El efecto/ paradoja de Olson también facilita la intelección de la persistencia, en sociedades democráticas con libertad de crítica y expresión, de fenómenos ideológicos falaces (engaños encubiertos) o mendaces (mentiras descaradas). Es suficiente que pequeños grupos sean mayoritarios o controlen centros neurálgicos de poder o influencia (Tribunal Constitucional, enseñanza, medios de comunicación, etc.) que lancen, amparen y sostengan redes políticas, expertas en entrismo, en connivencia de intereses y cierta afinidad ideológica si no total al menos parcial o transversal. Y en plenas narices del conjunto de la sociedad, de la que solo una parte simpatiza con susodichas ideologías, dejándose ahormar sin resistencia la mayoría social. En virtud del efecto Olson, no cabe esperar que la mayoría se oponga -o no siempre- con suficiente intensidad a la propagación de la ideología perversa.
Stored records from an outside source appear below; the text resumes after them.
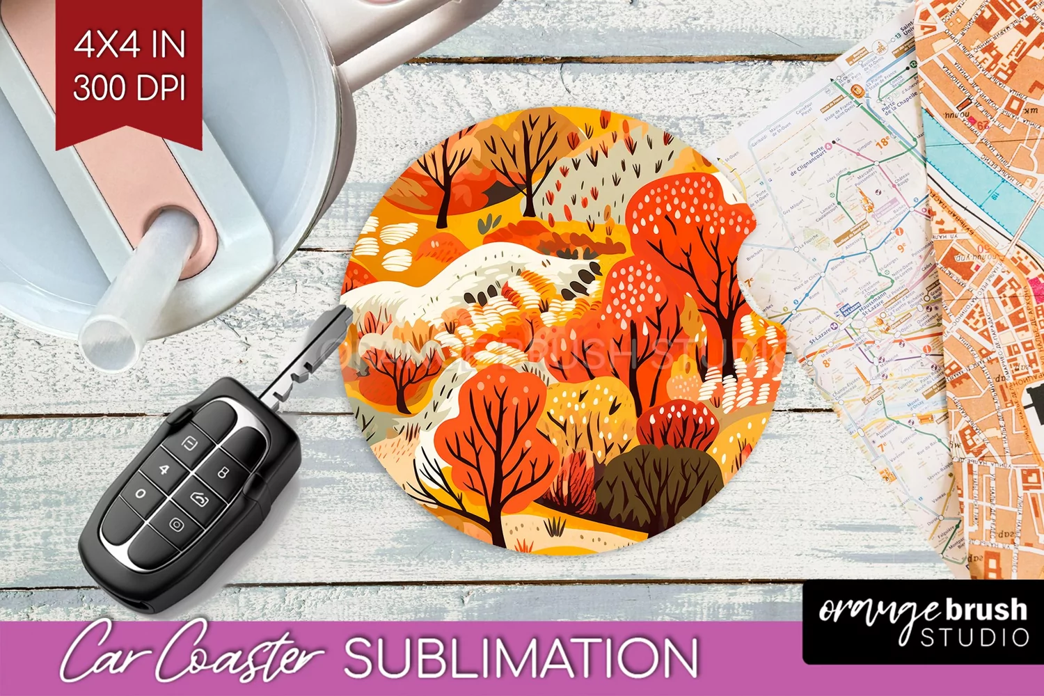 Autumn Forest Car Coaster - Fall Coaster PNG Sublimation
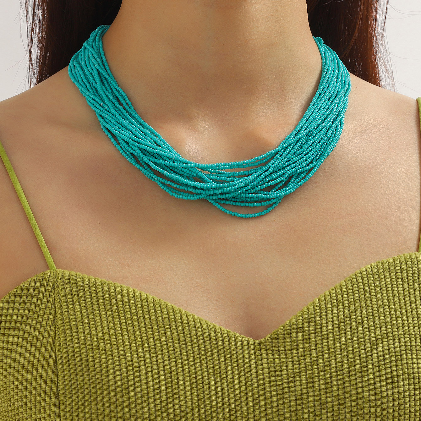 Bohemian Style Rice Beads Women's Multi-Layered Necklace Retro Winding Clavicle Chain Fashionable Personality High-End Necklace
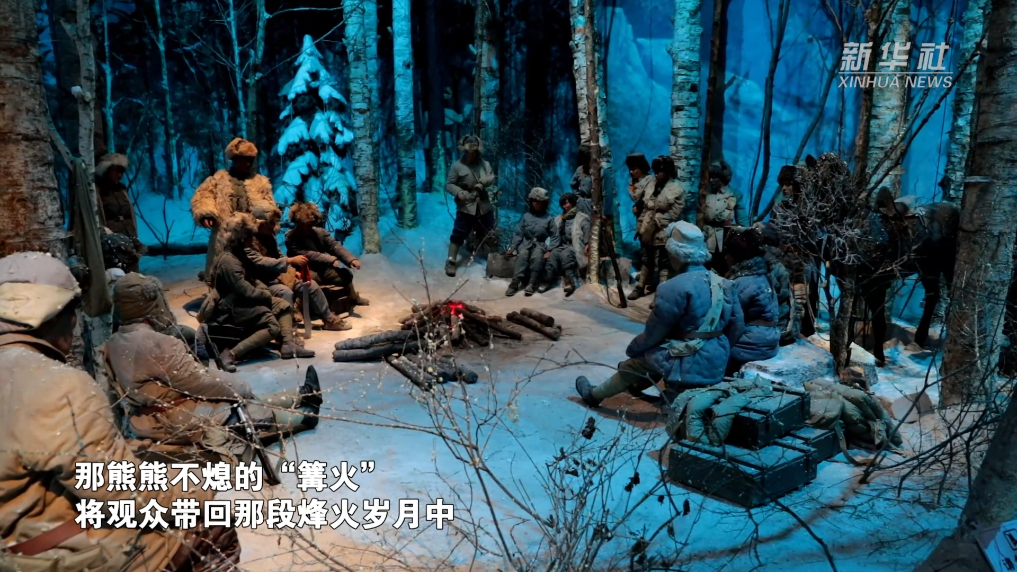 “九·一八”歷史博物館內(nèi),抗聯(lián)戰(zhàn)士密林宿營(yíng)地的模擬場(chǎng)景吸引觀眾駐足,那熊熊不熄的“篝火”,將觀眾帶回那段烽火歲月中。
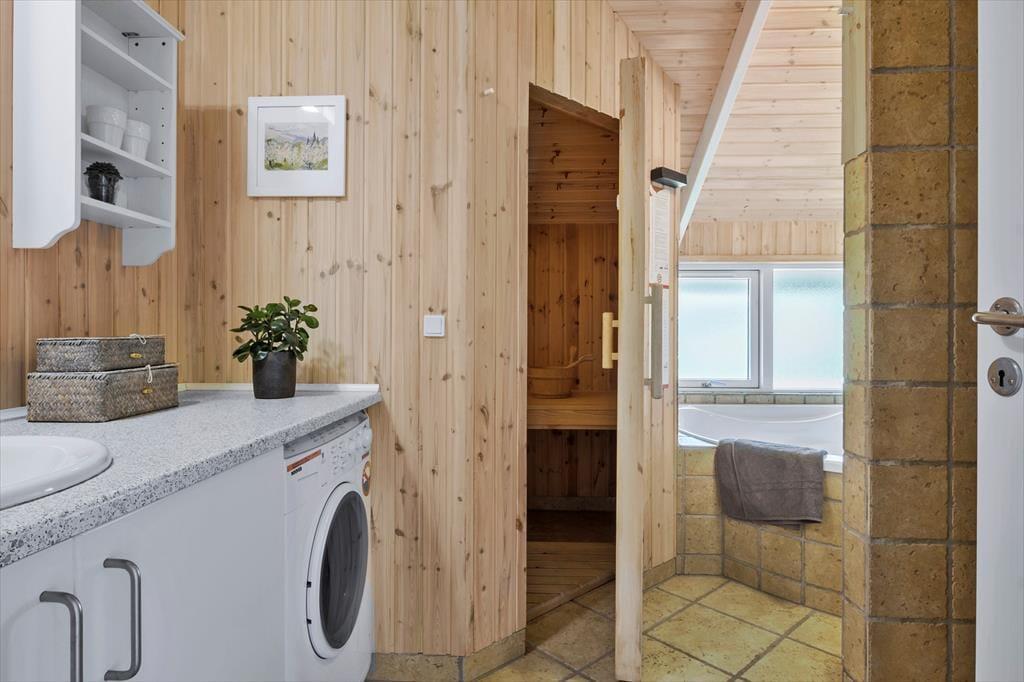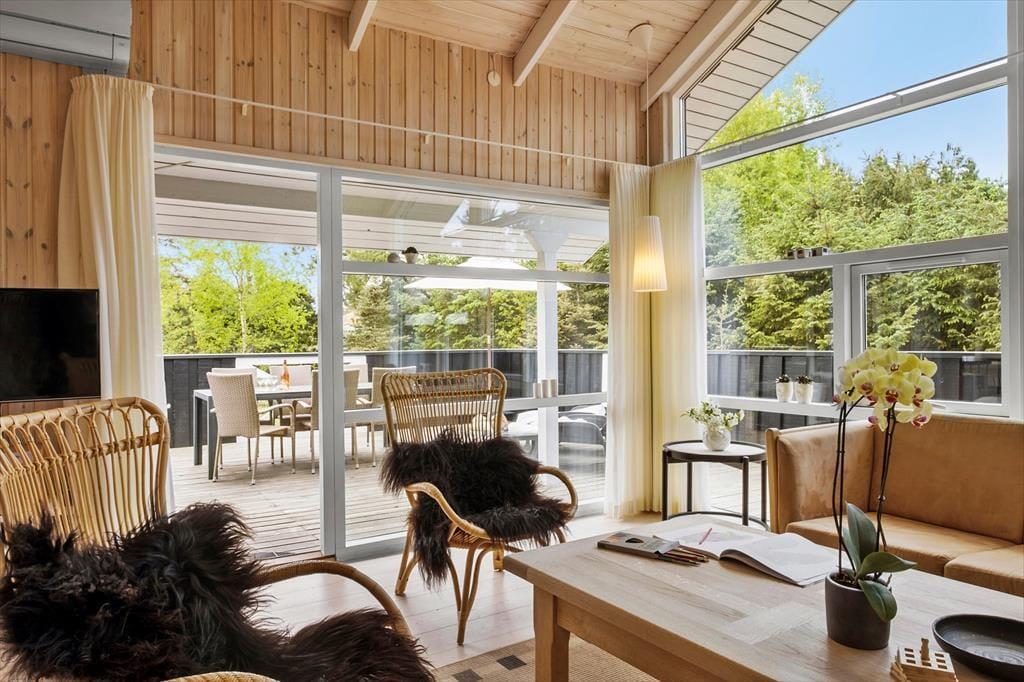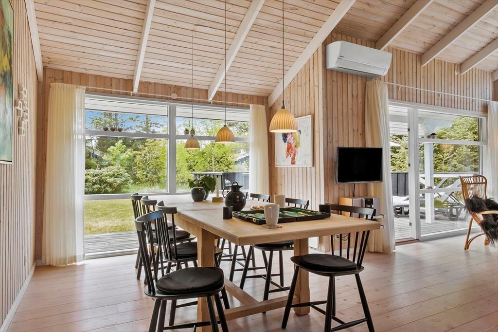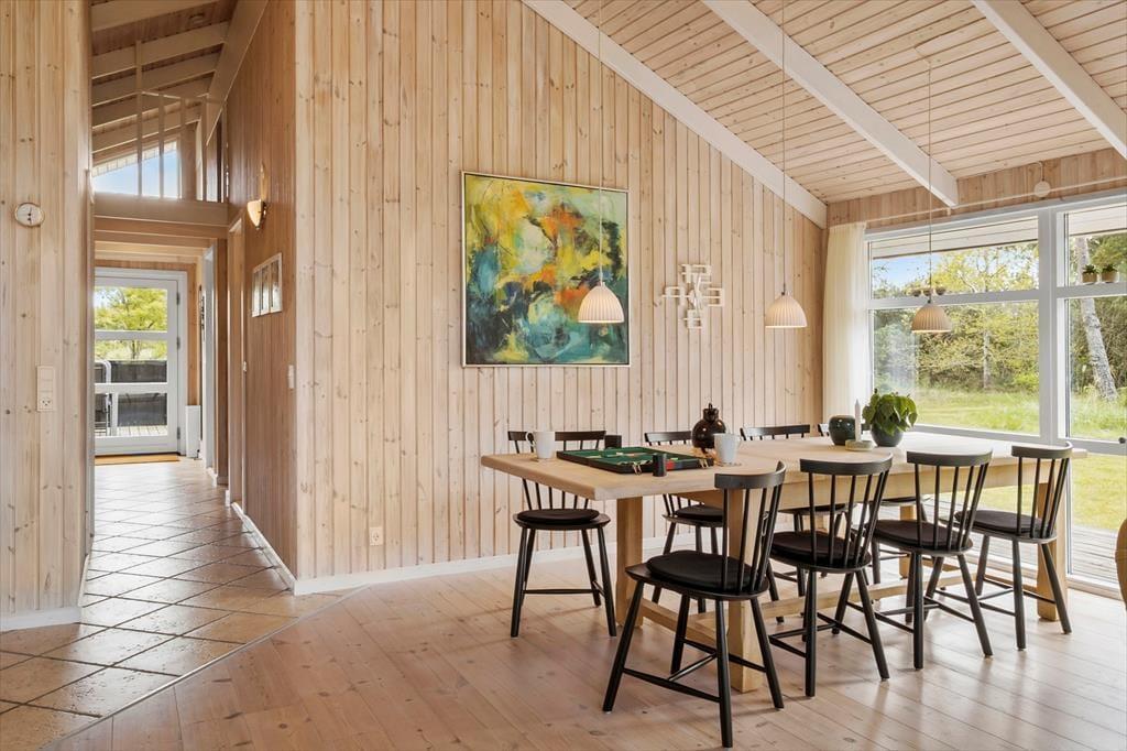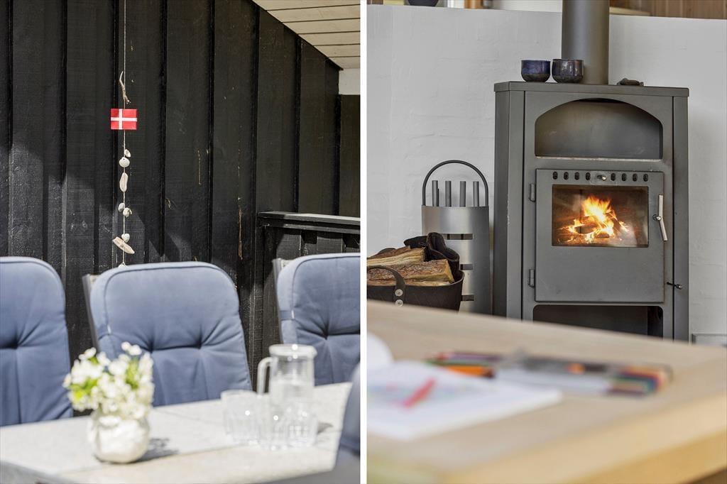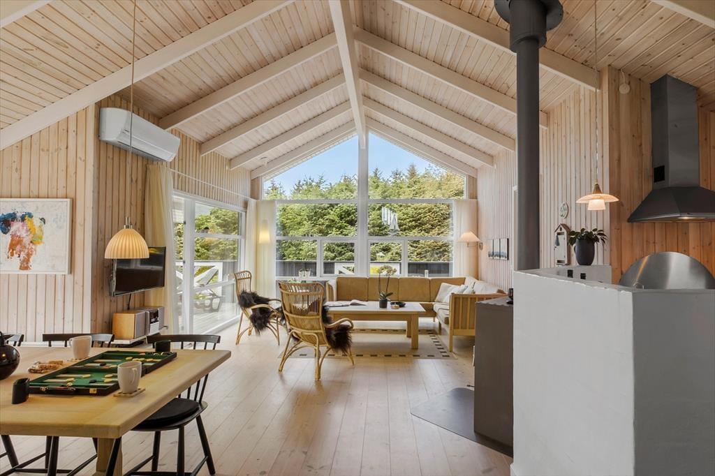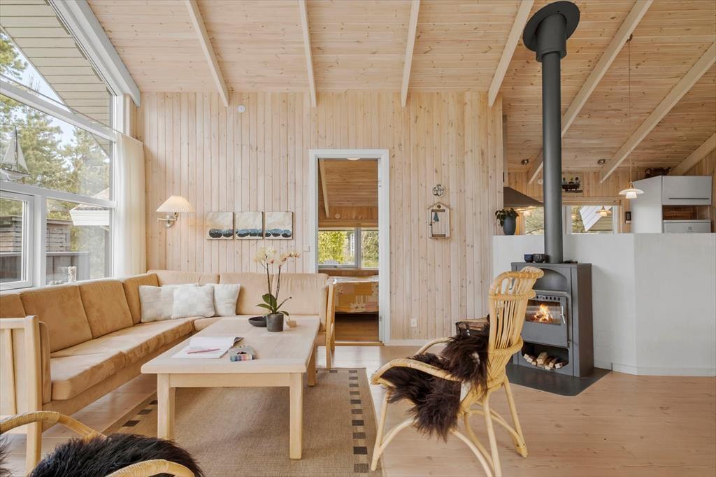 Sommerhuset er helt igennem smagfuldt indrettet med gode kvalitetsmøbler og sans for selv de mindste detaljer. Her er højt til loftet og store vinduer, som bringer lyset ind. Al tænkelig komfort i form af hårde hvidevarer, brændeovn, spabad og sauna er til stede, så man er sikret en rolig og afslappende ferie. Køkken, stue og spiseplads udgør sommerhusets naturlige samlingspunkt og med fire værelser og to badeværelser, kan man sagtens være to familier i sommerhuset. Alt i alt en skøn base for en dejlig ferie i det nordjyske.
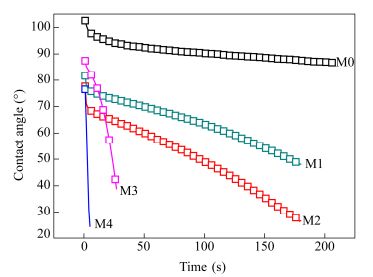 With the extension of time, descent velocity of the contact angle was obviously different for these membranes. In brief, the descent velocity of the contact angle for PVDF/GO-lysine was faster than that of the pristine PVDF membrane. For PVDF/GO-lysine membranes, increasing mass fraction of the GO-lysine made a quick decline of the contact angle descent curve. And the contact angle decreased to 10° within 6 s for M4. As well as for M3, it decreased to 37° within 26 s. All these demonstrated that the hydrophilicity of PVDF membrane was improved greatly with the addition of GO-lysine.
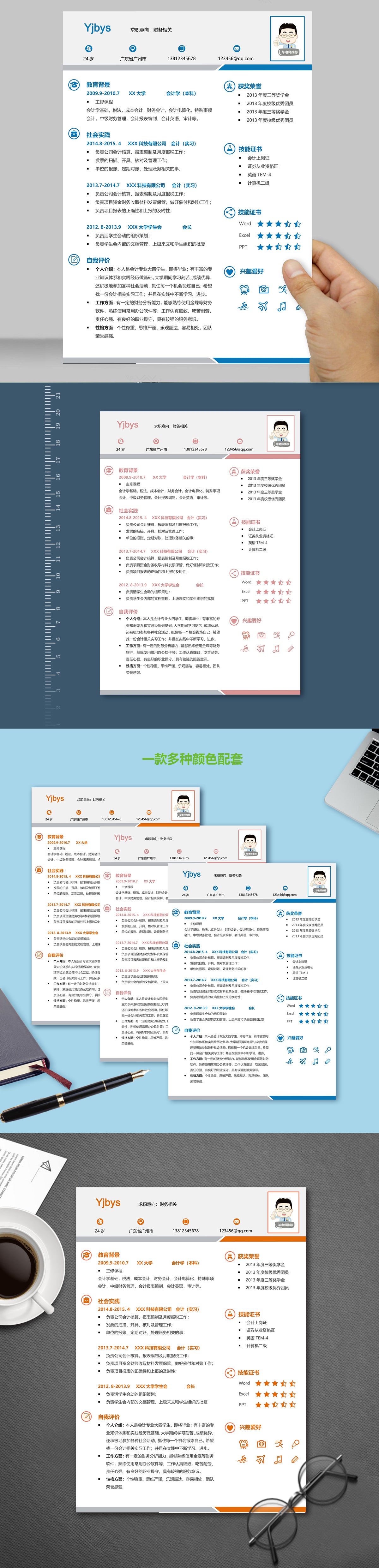 A585常用简历模板深蓝,橙色,粉红
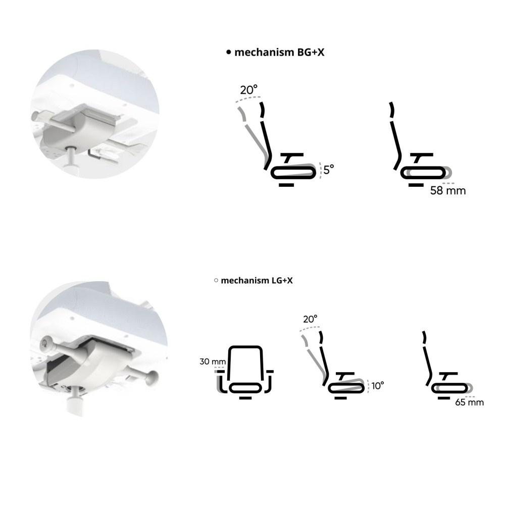 - Mécanisme synchrone BG+X auto-ajusté au poids de l’utilisateur.

Esta es la génesis del pensamiento único; del maniqueísmo políticamente correcto; del terrorismo intelectual; esta es la génesis, sobra decir, del independentismo jabonoso y acechante en la oportunidad.

Jefes morales

Dudamos que si se consuma la devastadora agresión contra España, amnistía y concesiones mediante, el pueblo reaccione echándose a la calle contra el tirano, si no ha sido previamente forjado en el sacrificio y la resistencia activa. El efecto Olson permite entender, en parte, el aparente anquilosamiento de un pueblo cuya principal virtud siempre fue la rebeldía. 

Penúltima esperanza, la paradoja de Olson se revierte si -con comportamiento polar a free riders, escaqueados y pasotas- emergen en el pueblo jefes naturales, líderes morales que se implican democráticamente. Porque Jefe moral es el que se sacrifica por el grupo, por la colectividad ¿No habrá entre nosotros auténticos jefes morales que, llegado el caso, den ejemplo asumiendo el sacrificio de poner en pie la dignidad de la buena España huelga general mediante? No creemos que podamos pedirle al Rey el milagro que algunos esperan. Y no podemos pedírselo  no tanto porque sea incapaz de sacrificio sino porque si los españoles no atinan, como pueblo tangible y epidérmicamente real, a defender la nación común sin recurrir a vagas fabulaciones  milagreras no pueden pretender, esos españoles, encarnar una colectividad nacional indiscutible.